## What is expected:
Every record below should be printed exactly, except for the pictures.

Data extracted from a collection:

# # # # # # #

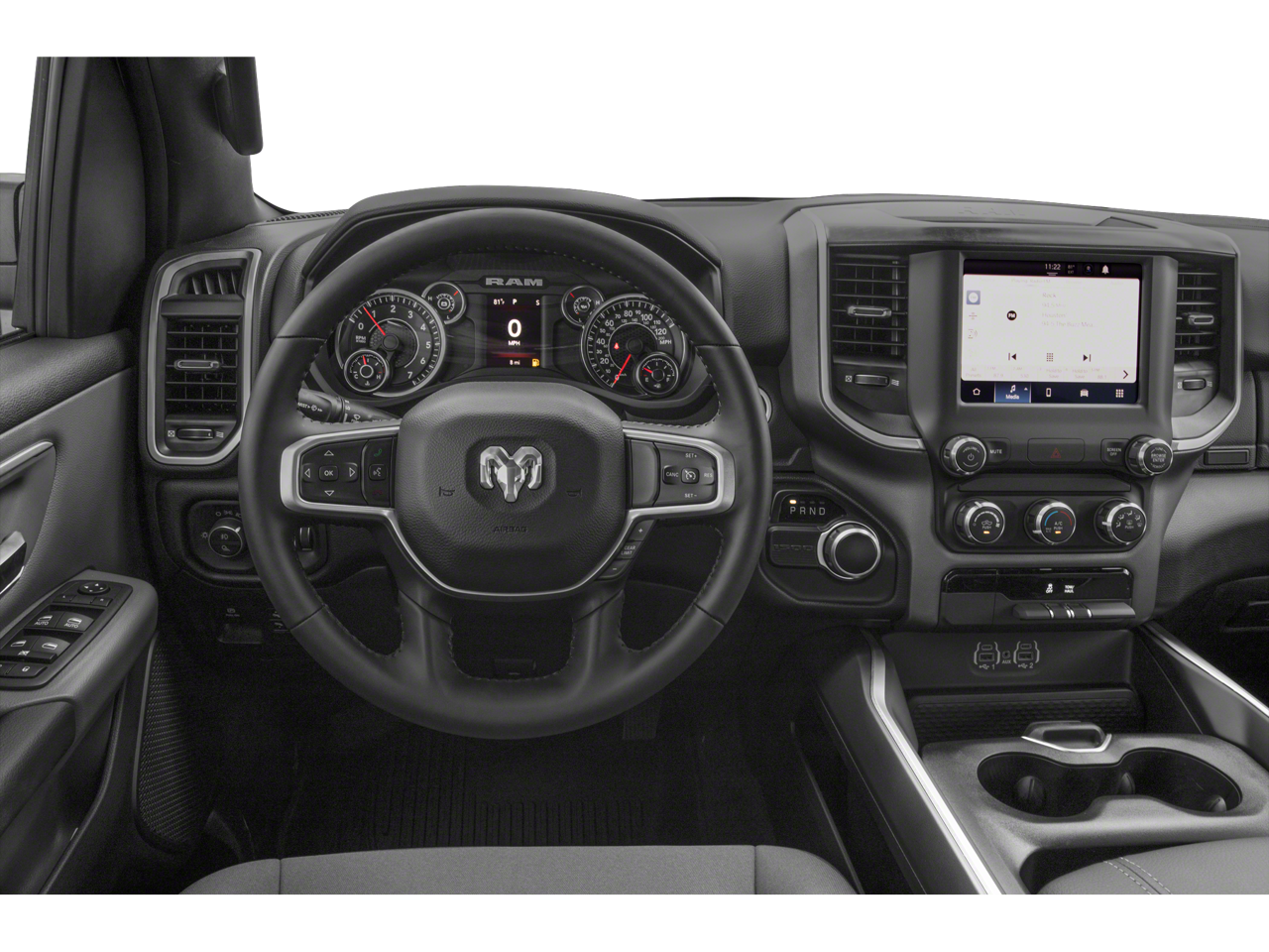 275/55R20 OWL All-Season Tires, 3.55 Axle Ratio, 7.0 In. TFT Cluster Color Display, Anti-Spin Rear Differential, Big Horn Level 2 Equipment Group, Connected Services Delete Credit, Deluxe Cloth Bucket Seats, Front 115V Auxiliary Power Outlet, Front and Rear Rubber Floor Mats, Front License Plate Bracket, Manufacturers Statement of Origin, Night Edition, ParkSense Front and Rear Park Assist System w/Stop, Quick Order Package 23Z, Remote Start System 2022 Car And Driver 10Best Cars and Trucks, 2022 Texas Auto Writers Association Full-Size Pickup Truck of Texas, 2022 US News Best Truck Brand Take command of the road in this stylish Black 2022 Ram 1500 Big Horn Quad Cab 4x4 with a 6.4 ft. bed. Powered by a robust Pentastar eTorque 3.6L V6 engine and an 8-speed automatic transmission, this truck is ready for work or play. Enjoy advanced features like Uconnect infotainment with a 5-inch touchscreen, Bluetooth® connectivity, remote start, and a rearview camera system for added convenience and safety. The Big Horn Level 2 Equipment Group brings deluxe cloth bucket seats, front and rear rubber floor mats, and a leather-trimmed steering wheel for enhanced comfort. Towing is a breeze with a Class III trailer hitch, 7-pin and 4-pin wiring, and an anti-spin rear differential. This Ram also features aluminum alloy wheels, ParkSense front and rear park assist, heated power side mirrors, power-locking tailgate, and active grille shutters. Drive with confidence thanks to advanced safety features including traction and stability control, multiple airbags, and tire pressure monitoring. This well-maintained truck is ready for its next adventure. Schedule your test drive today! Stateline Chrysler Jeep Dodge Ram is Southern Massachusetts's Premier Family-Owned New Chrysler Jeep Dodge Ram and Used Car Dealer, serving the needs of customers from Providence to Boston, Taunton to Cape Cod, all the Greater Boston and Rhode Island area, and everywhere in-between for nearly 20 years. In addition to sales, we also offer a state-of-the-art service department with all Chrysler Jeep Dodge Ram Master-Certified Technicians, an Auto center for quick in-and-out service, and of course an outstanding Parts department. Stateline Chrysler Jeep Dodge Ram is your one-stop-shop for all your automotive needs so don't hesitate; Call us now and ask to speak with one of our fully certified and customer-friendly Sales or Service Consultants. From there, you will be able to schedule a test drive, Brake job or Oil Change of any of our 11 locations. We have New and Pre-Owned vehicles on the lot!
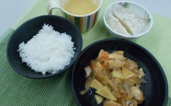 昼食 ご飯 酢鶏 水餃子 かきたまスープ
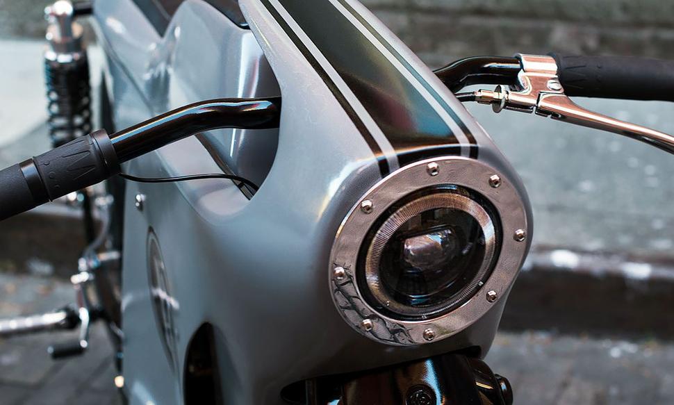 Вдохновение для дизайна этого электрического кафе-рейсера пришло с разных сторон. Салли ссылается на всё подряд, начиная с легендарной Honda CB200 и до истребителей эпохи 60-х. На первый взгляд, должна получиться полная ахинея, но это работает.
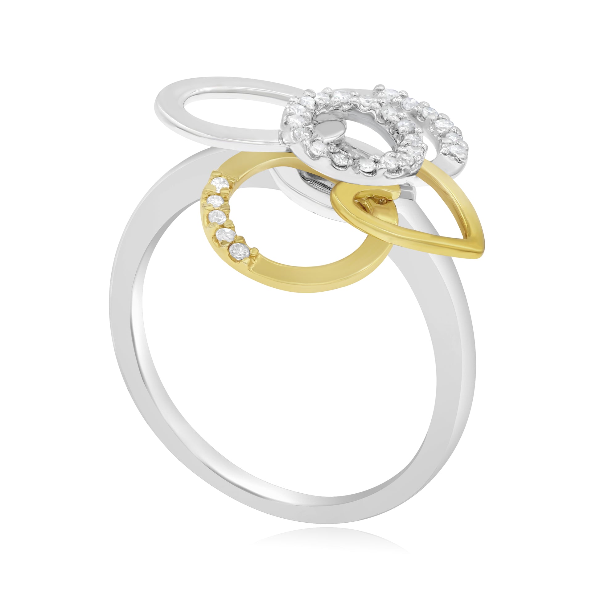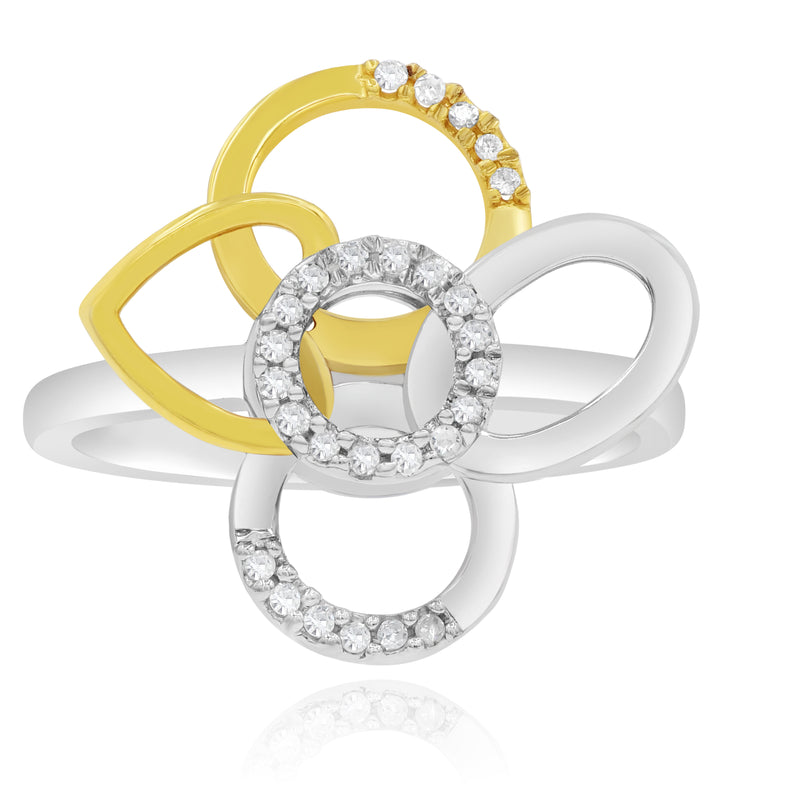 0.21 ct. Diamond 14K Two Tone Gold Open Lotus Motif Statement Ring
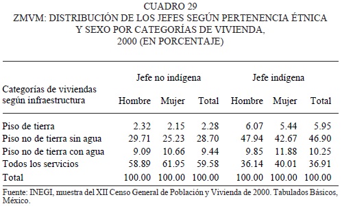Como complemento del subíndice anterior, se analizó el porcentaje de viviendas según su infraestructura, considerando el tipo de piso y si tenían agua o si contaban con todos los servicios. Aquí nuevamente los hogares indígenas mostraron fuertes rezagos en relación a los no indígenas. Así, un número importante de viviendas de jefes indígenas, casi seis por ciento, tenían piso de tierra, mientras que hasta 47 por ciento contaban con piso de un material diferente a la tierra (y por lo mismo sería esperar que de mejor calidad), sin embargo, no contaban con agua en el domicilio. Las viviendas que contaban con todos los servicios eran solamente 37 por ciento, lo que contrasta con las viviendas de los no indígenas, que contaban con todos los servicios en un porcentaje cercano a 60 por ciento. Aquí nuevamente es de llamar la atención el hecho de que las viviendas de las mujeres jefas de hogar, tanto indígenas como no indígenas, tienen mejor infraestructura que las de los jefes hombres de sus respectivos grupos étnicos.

# # # # # # #

## Task response:
 275/55R20 OWL All-Season Tires, 3.55 Axle Ratio, 7.0 In. TFT Cluster Color Display, Anti-Spin Rear Differential, Big Horn Level 2 Equipment Group, Connected Services Delete Credit, Deluxe Cloth Bucket Seats, Front 115V Auxiliary Power Outlet, Front and Rear Rubber Floor Mats, Front License Plate Bracket, Manufacturers Statement of Origin, Night Edition, ParkSense Front and Rear Park Assist System w/Stop, Quick Order Package 23Z, Remote Start System 2022 Car And Driver 10Best Cars and Trucks, 2022 Texas Auto Writers Association Full-Size Pickup Truck of Texas, 2022 US News Best Truck Brand Take command of the road in this stylish Black 2022 Ram 1500 Big Horn Quad Cab 4x4 with a 6.4 ft. bed. Powered by a robust Pentastar eTorque 3.6L V6 engine and an 8-speed automatic transmission, this truck is ready for work or play. Enjoy advanced features like Uconnect infotainment with a 5-inch touchscreen, Bluetooth® connectivity, remote start, and a rearview camera system for added convenience and safety. The Big Horn Level 2 Equipment Group brings deluxe cloth bucket seats, front and rear rubber floor mats, and a leather-trimmed steering wheel for enhanced comfort. Towing is a breeze with a Class III trailer hitch, 7-pin and 4-pin wiring, and an anti-spin rear differential. This Ram also features aluminum alloy wheels, ParkSense front and rear park assist, heated power side mirrors, power-locking tailgate, and active grille shutters. Drive with confidence thanks to advanced safety features including traction and stability control, multiple airbags, and tire pressure monitoring. This well-maintained truck is ready for its next adventure. Schedule your test drive today! Stateline Chrysler Jeep Dodge Ram is Southern Massachusetts's Premier Family-Owned New Chrysler Jeep Dodge Ram and Used Car Dealer, serving the needs of customers from Providence to Boston, Taunton to Cape Cod, all the Greater Boston and Rhode Island area, and everywhere in-between for nearly 20 years. In addition to sales, we also offer a state-of-the-art service department with all Chrysler Jeep Dodge Ram Master-Certified Technicians, an Auto center for quick in-and-out service, and of course an outstanding Parts department. Stateline Chrysler Jeep Dodge Ram is your one-stop-shop for all your automotive needs so don't hesitate; Call us now and ask to speak with one of our fully certified and customer-friendly Sales or Service Consultants. From there, you will be able to schedule a test drive, Brake job or Oil Change of any of our 11 locations. We have New and Pre-Owned vehicles on the lot!
 昼食 ご飯 酢鶏 水餃子 かきたまスープ
 Вдохновение для дизайна этого электрического кафе-рейсера пришло с разных сторон. Салли ссылается на всё подряд, начиная с легендарной Honda CB200 и до истребителей эпохи 60-х. На первый взгляд, должна получиться полная ахинея, но это работает.
 0.21 ct. Diamond 14K Two Tone Gold Open Lotus Motif Statement Ring
Como complemento del subíndice anterior, se analizó el porcentaje de viviendas según su infraestructura, considerando el tipo de piso y si tenían agua o si contaban con todos los servicios. Aquí nuevamente los hogares indígenas mostraron fuertes rezagos en relación a los no indígenas. Así, un número importante de viviendas de jefes indígenas, casi seis por ciento, tenían piso de tierra, mientras que hasta 47 por ciento contaban con piso de un material diferente a la tierra (y por lo mismo sería esperar que de mejor calidad), sin embargo, no contaban con agua en el domicilio. Las viviendas que contaban con todos los servicios eran solamente 37 por ciento, lo que contrasta con las viviendas de los no indígenas, que contaban con todos los servicios en un porcentaje cercano a 60 por ciento. Aquí nuevamente es de llamar la atención el hecho de que las viviendas de las mujeres jefas de hogar, tanto indígenas como no indígenas, tienen mejor infraestructura que las de los jefes hombres de sus respectivos grupos étnicos.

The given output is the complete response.